**The task**
Your answer should show every line of the material below that includes "victimes".
★ ★ ★ ★ ★
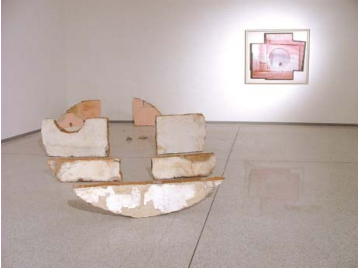
Giorgio Andreotta - Sunset Blvd 1/5
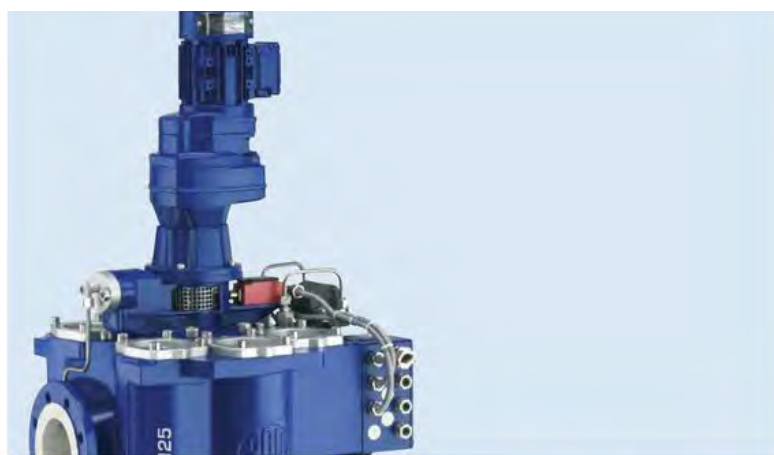
BOLLFILTER Automatic Type 6.64
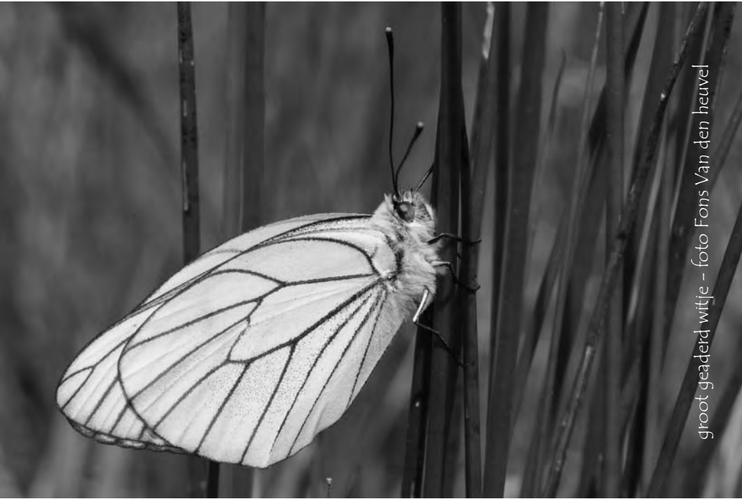
groot geaderd witje

komen. Naast orchideeën zijn er natuurlijk tal van andere bloemen (ook enkele zeldzame soorten), en dat betekent tegelijk ook veel vlinders, 115 soorten dagvlinders namelijk. Met de talloze kevers, libellen en juffers er nog bij, mogen naast de macrolens dus ook de betreffende veldgidsjes zeker niet vergeten worden bij een bezoek aan dit stukje 'man-shaped' natuur in Frankrijk.
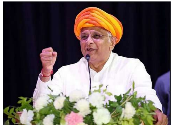
વિશ્વ આખું આજે ગુજરાતના વિકાસ મોડલથી પ્રભાવિત થઈને ગુજરાત તરફ આકર્ષણ: મુખ્યમંત્રી શ્રી ભૂપેન્દ્ર પટેલ

મુખ્યમંત્રીશ્રી : ● તાજેતરમાં સ્થાનિક સ્વરાજની ચૂંટણીઓમાં જનતાએ અમને પ્રચંડ સમર્થન આપીને વિશ્વાસ અકબંધ રાખ્યો છે, આ પ્રેમનો નતમસ્તક અમે ઋણ સ્વીકાર કરીએ છીએ ● વડાપ્રધાન શ્રી નરેન્દ્ર મોદીના વિજનરી નેતૃત્વ થકી શરૂ થયેલી 'વાઈબ્રન્ટ સમિટ'ની સતત સફળતાને પગલે ગુજરાત આજે 'ગ્લોબલ ગેટ-વે ટુ ધી ફ્યુચર' અને દેશમાં સૌથી ઓછો બેરોજગારી દર ધરાવતું રાજ્ય બન્યું ● ઈન્ફ્રાસ્ટ્રક્ચર ડેવલપમેન્ટના ધ્યેય સાથે સુરત અને તેની આસપાસના વિસ્તાર માટે 'સુરત ઈકોનોમિક રિજીયન ડેવલોપમેન્ટ પ્લાન' તૈયાર : ઉત્તર ગુજરાત, સૌરાષ્ટ્ર, મધ્ય ગુજરાતના વિસ્તારોના સર્વાંગી વિકાસ માટે નવા દે રિજનલ ઈકોનોમિક માસ્ટર પ્લાન તૈયાર થઈ રહ્યા છે
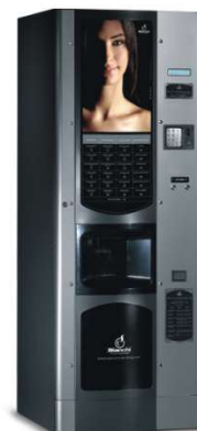
BVM 972 con pulsantiera alfanumerica.
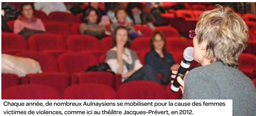
Chaque année, de nombreux Aulnaysiens se mobilisent pour la cause des femmes victimes de violences, comme ici au théâtre Jacques-Prévert, en 2012.

Dans le cadre de la Journée internationale de lutte contre les violences faites aux femmes, le Bureau d'aide aux victimes organise le 25 novembre une projection-débat autour du film saoudien Wadjda .
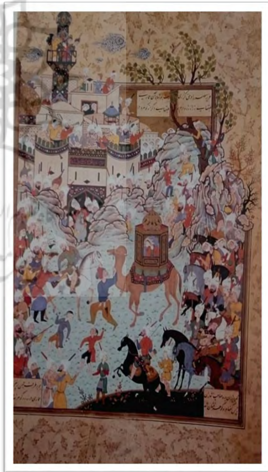
نگاره ورود عزیز و زلیخا به مصر (نماد ورود نجات یوسف از چاه اثر مظفر علی نقاش
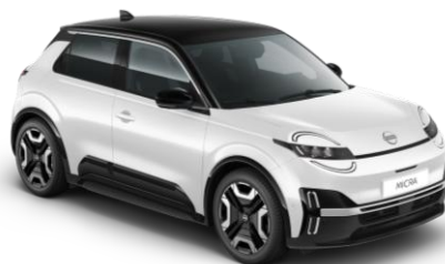
Bielel / Čierna strecha XUF – 500 EUR
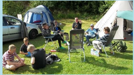
Der hygges i lejren.
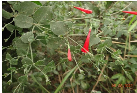
Foto 16: Trepadeira-sanguínea ( Manettia cordifolia ) Registrada na parcela 01 da FES
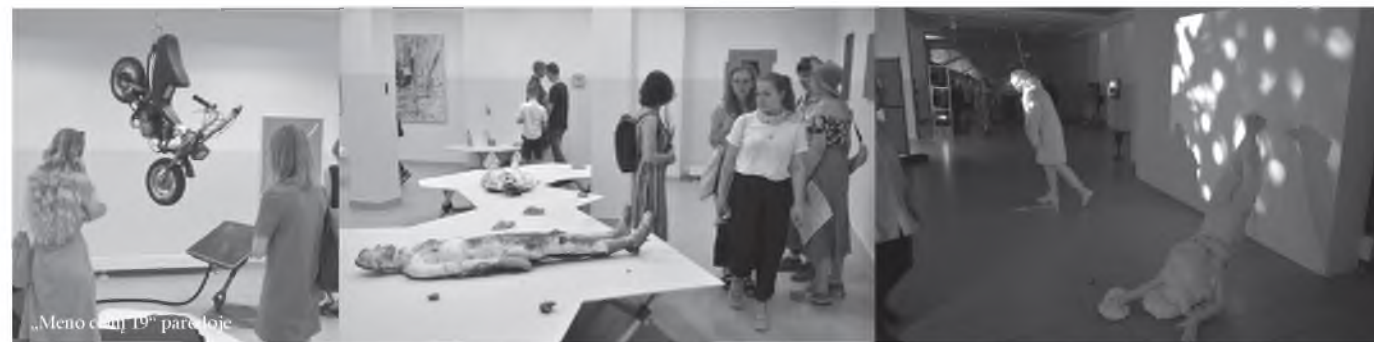
„Meno celių 19“ parodoje
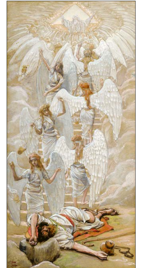
James Tissot: Jákobov sen, okolo 1899.

Na otázku, aký má teda angelológia vzťah k vede, môžeme odpovedať: zaoberá sa tým, čo je predvedecké . Jednak historicky, čo bolo pred vznikom vedy, teda oným predracionálnym stupňom vedomia; a jednak psychologicky, intuíciami, ktoré predchádzajú vedeckému objavu. Racionálne testovanie hypotéz, ktoré pokladáme za vedu, je totiž až záverečnou fázou každého objavu, ktorého začiatok leží v snoch, predstavivosti a intuitívnych procesoch svojím charakterom príbuzných s nábožensko-umeleckou inšpiráciou.
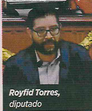
Royfid Torres, diputado

A propuesta de la Comisión de Administración y Procuración de Justicia, se aprobó la modificación de diversos ordenamientos jurídicos necesarios para la homologación del Código Nacional de Procedimientos Civiles y Familiares a la legislación local.
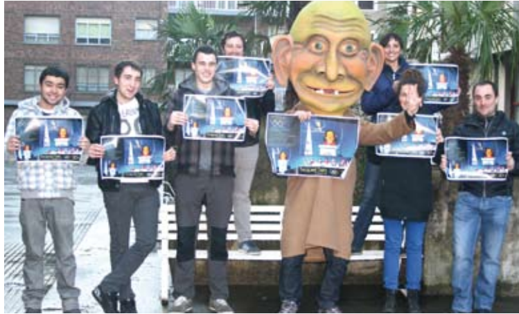
Txapel Txin, Karnabalen Lagunak taldeko hainbat kide lagun dituela. | M.A.

Goiz partea trikiti doinuek girotuko dute, eta kuadrillak izango dira kaleetako protagonista. Jaia, ostera, ilunkaran hasiko da. Teatrak Lakalle antzerki taldeak suarekin egindako espektakulua eskainiko du, kalean gora eta behera (18:30) –Herriko plaza, Durana eta Mitarte kaleak–. Eta batzuk suari begira dauden bitartean, beste batzuk lanean jardungo dute. Torrada lehiaketako epaimahaia elkartuko da orduantxe eta behin dastatuta txapeldunak izendatu. Torrada horiek norberak etxean eginda eroan behar ditu (8 torrada) eta 18:00ak eta 18:30ak bitartean aurkeztu plazan, izen-abizenak kartazal itxi batean zehaztuta.
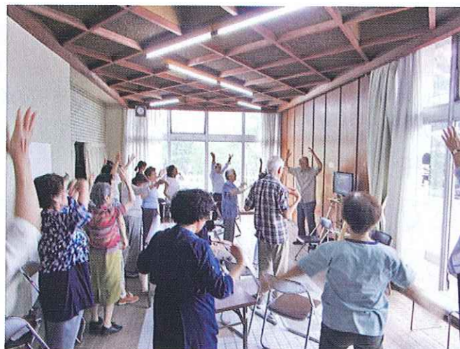
喫茶 談話室 (健康すこやか学級)
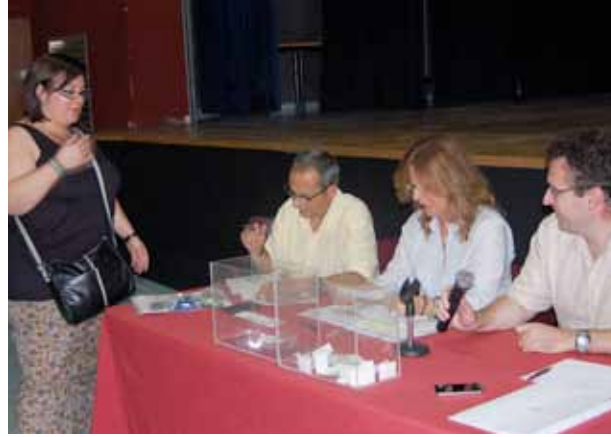
El sorteig dels pisos que havien quedat buits es va fer el 30 de juliol, a Ca n'Humet.

Entre les 118 sol·licituds admeses, d'aquest sorteig públic van
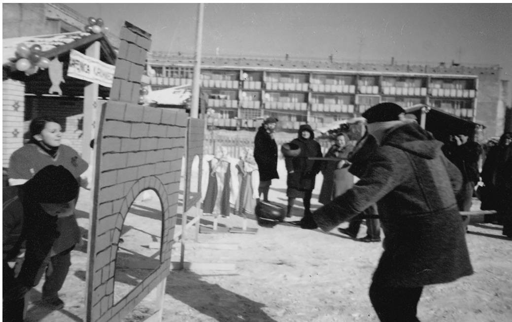
Projekts „Kopīgi svētki – dažādu tautu kultūru vienojošais spēks”. Masļeņicas svinības Silmalas pamatskolas pagalmā
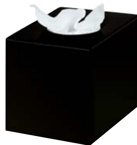
503803 Dispensador tipo cubo toallitas higiénicas negro mate
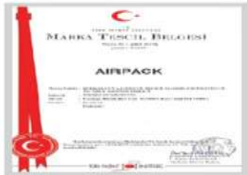
AIRPACK Marka Tescil Belgesi
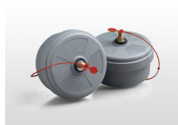
A sx immagine della Redazione di un cofano che simula il rigonfiamento per la pressione interna che si può determinare; a dx un es. di valvola depuratrice (mod. di CEABI – Vezzani spa)
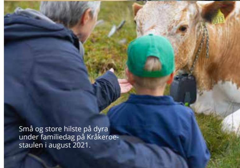
Små og store hilste på dyra under familiedag på Kråkeroe-staulen i august 2021.
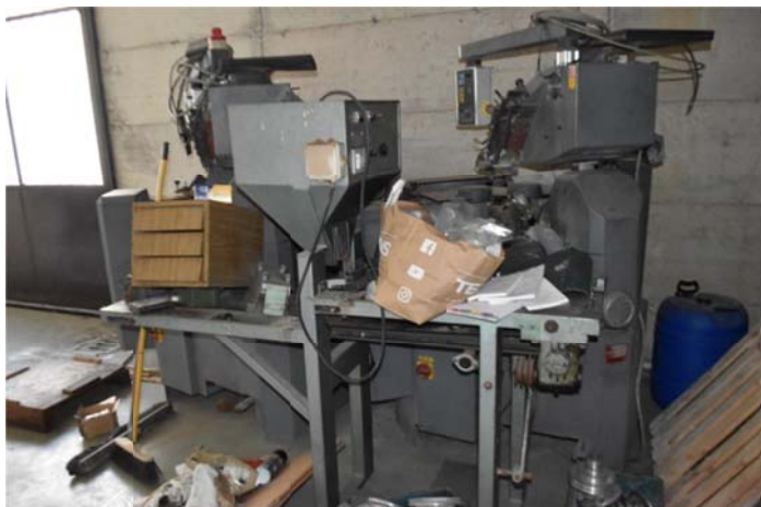
41- Doublevanquard Top Multiform Giusi
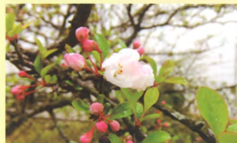
世界にここだけの花 ノカイドウ
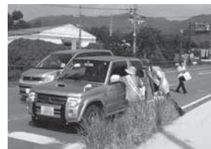
犯罪のない明るい社会 街頭啓発で訴え（和束町）

が通勤通学途中のドライバークラスや学生らに啓発パンフレットや啓発物品を配りながら、運動への協力を求めています。
★ ★ ★ ★ ★
**The answer**
Chaque année, de nombreux Aulnaysiens se mobilisent pour la cause des femmes victimes de violences, comme ici au théâtre Jacques-Prévert, en 2012.
Dans le cadre de la Journée internationale de lutte contre les violences faites aux femmes, le Bureau d'aide aux victimes organise le 25 novembre une projection-débat autour du film saoudien Wadjda .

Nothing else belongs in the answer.